Calculate average daily value from large data set with R standard format date/times?

6
votes

I have a dataframe of approximately 10 million rows spanning about 570 days. After using striptime to convert the dates and times, the data looks like this:

          date          X1   
1 2004-01-01 07:43:00 1.2587 
2 2004-01-01 07:47:52 1.2585
3 2004-01-01 17:46:14 1.2586 
4 2004-01-01 17:56:08 1.2585
5 2004-01-01 17:56:15 1.2585

I would like to compute the average value on each day (as in days of the year, not days of the week) and then plot them. Eg. Get all rows which have day "2004-01-01", compute average price, then do the same for "2004-01-2" and so on.

Similarly I would be interested in finding the average monthly value, or hourly price, but I imagine I can work these out once I know how to get average daily price.

My biggest difficulty here is extracting the day of the year from the date variable automatically. How can I cycle through all 365 days and compute the average value for each day, storing it in a list?
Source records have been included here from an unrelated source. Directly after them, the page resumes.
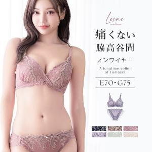 ブラジャー 上下セット 《Leene》マニョリアレースブラ&ショーツ 補正 脇高 痛くない 自胸で叶えるくっきり谷間 脇肉 盛れる ツーハッチ
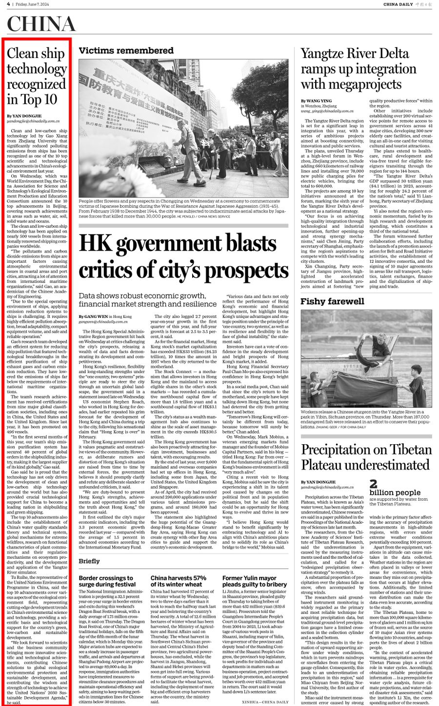 6月7日,《中國日報》報道浙江工業大學校長、中國工程院院士高翔團隊《船舶清潔低碳關鍵技術及應用》成果入選中國生態環境十大科技進展。
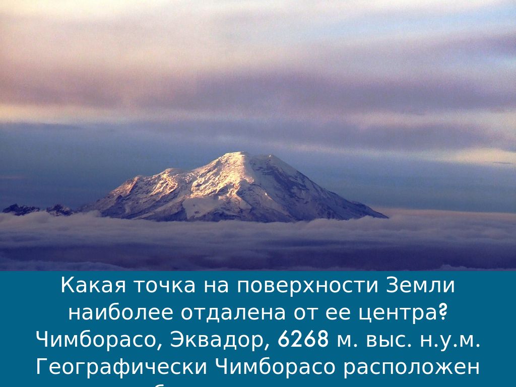 Какая точка на поверхности Земли наиболее отдалена от ее центра? Чимборасо, Эквадор, 6268 м. выс. н.у.м. Географически Чимборасо расположен близко к экватору.
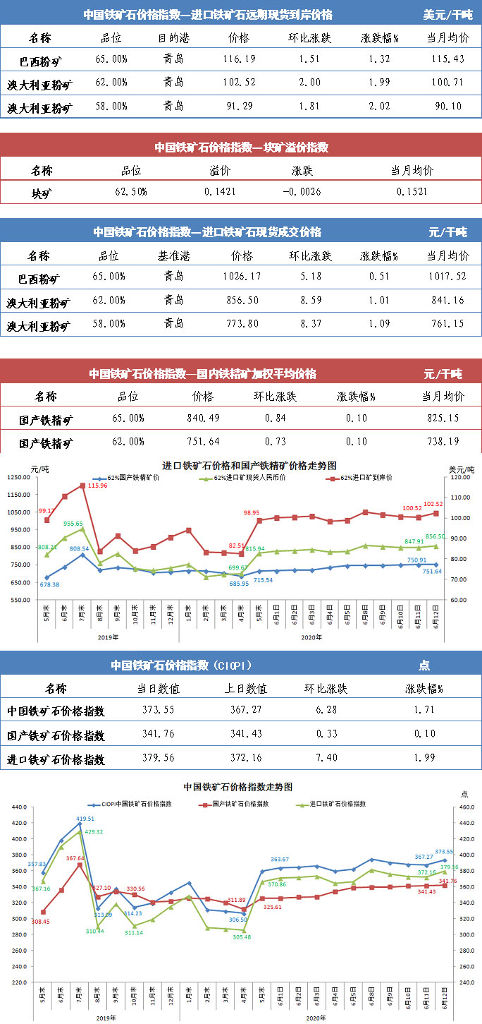 【行业指数】6月12日中国铁矿石价格指数
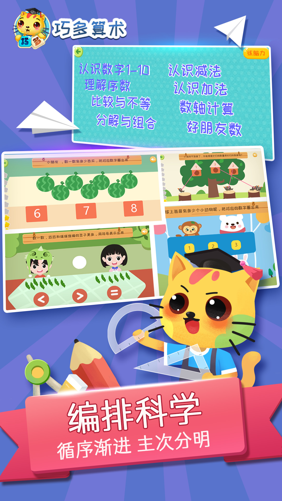 巧多算术软件专业的少儿学习练习,结构合理,课时结构练习,符合儿童学习兴趣。
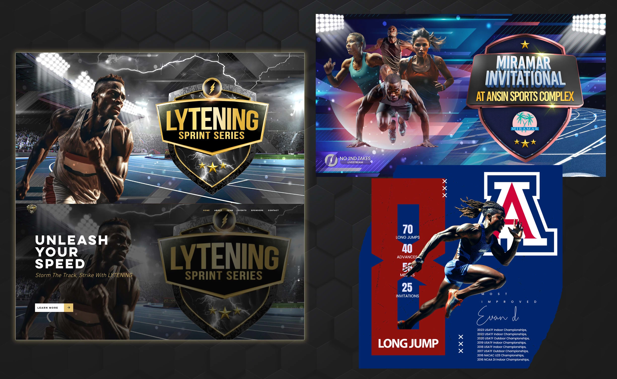 Created a graphics package for an International Track & Field event. Graphics included player profiles, a landing page, and a promotional event graphic.
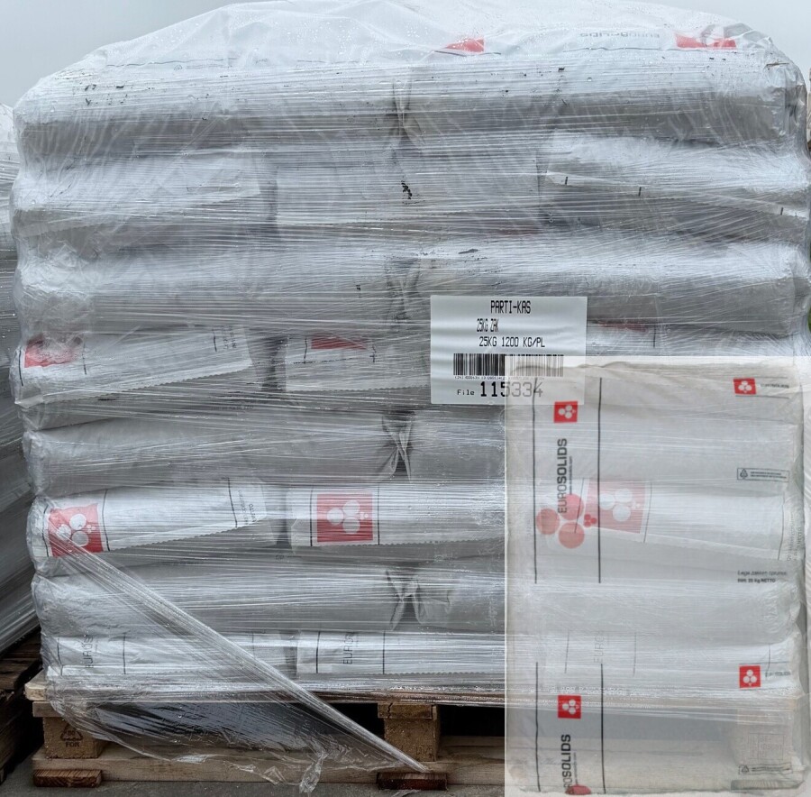 - Per pallet 48 zak a 25 kg = 1200 kg.
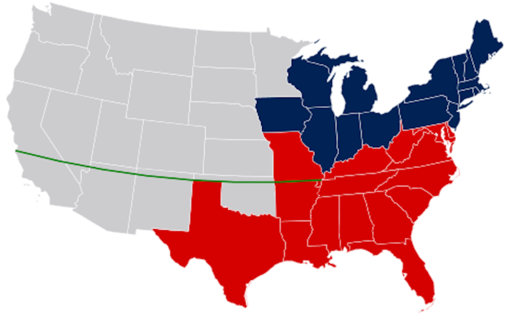 1820 – The Missouri Compromise was a legislative agreement that admitted Missouri as a slave state and Maine as a free state, preserving the Senate balance of 12 states each. It prohibited slavery in the Louisiana Territory north of the 36^30′ latitude line, temporarily easing sectional tensions over slavery’s expansion. The Missouri Compromise was controversial and many worried that the country had become lawfully divided along regional and sectarian lines. The Supreme Court declared it unconstitutional in Dred Scott v. Sandford (1857), both of which increased tensions over slavery and contributed to the American Civil War. The compromise both delayed the Civil War and sowed its seeds; in April 1820, Thomas Jefferson predicted the line as drawn would someday tear the Union apart. Forty years later, the North and South would split closely along the 36°30′ parallel and launch the Civil War.
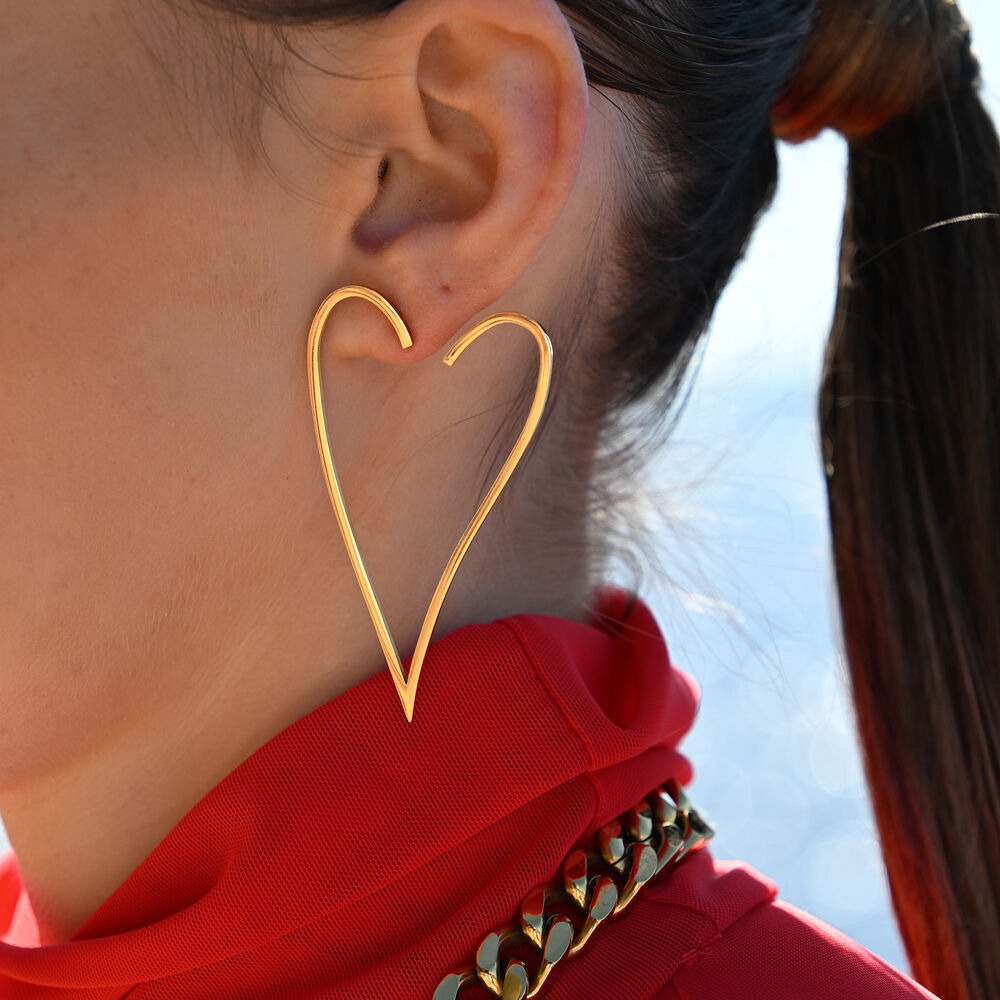 Modern, simple and eye-catching. Introducing Ayla Sculptural Love Heart Earrings - a chic and outspoken statement to rock a romantic statement. This design features stylised love hearts with a subtle flow. The earrings are made in environmentally friendly stainless steel with 2 microns of 18K gold plating (heavy gold plated) for a rich and noble gold shine. The elegance and simplicity compliment both simple and sophisticated outfits. Perfect for contemporary, artsy, creative styling, high fashion, dressy, feminine, smart casual, usual styles and more. Hypoallergenic, nickel, lead, and cadmium free.

I was able to find the average value for day of the week using the weekdays() function, but I couldn't find anything similar for this.

3
rdatetimedataframetimeaverage
Have you tried df %>% dplyr::group_by(date) %>% summarise(mean(X1)) for the first part? That should give you the average by day. You can use the lubridate package to get the months to do something similar.RobertMyles

3 Answers

6
votes

Here's a solution using dplyr and lubridate. First, simplify the date by rounding it down to the nearest day-unit using floor_date (see below comment by thelatemail), then group_by date and calculate the mean value using summarize:

library(dplyr)
library(lubridate)

df %>%
  mutate(date = floor_date(date)) %>%
  group_by(date) %>%
  summarize(mean_X1 = mean(X1))

Using the lubridate package, you can use a similar method to get the average by month, week, or hour. For example, to calculate the average by month:

df %>%
  mutate(date = month(date)) %>%
  group_by(date) %>%
  summarize(mean_X1 = mean(X1))

And by hour:

df %>%
  mutate(date = hour(date)) %>%
  group_by(date) %>%
  summarize(mean_X1 = mean(X1))
0
votes

day of year in lubridate is

yday, as in

lubridate::yday(Sys.time())

because the size of data is big I recommend a data.table approach

library(lubridate)
library(data.table)
df$ydate=yday(df$date)
df=data.table(df)
df[,mean(X1),ydate]

if you want different days for different years as in 1Jan2004 and 1Jan2005

library(lubridate)
library(data.table)
df$ydate=ymd(df$date)
df=data.table(df)
df[,mean(X1),ydate]

Note -instead of using striptime to convert dates you could just use ymd_hms function from lubridate

0
votes

Just to contribute, here is the solution to do it for multiple columns in your data frame. It consists of the same method as George, so a little more is added an using summarise:

new_df <- df %>% mutate(date = hour(date)) %>%
group_by(date) %>%
summarise(across(.cols = where(is.numeric), .fns = ~mean(.x, na.rm = TRUE))

In this case, in ".cols" it is specified that the operation be applied to all columns with numeric format (you can modify it for specific columns). In the ".fns" section you can put the operation you want to perform (mean, sd, etc.) and you can apply na.rm.

Greetings!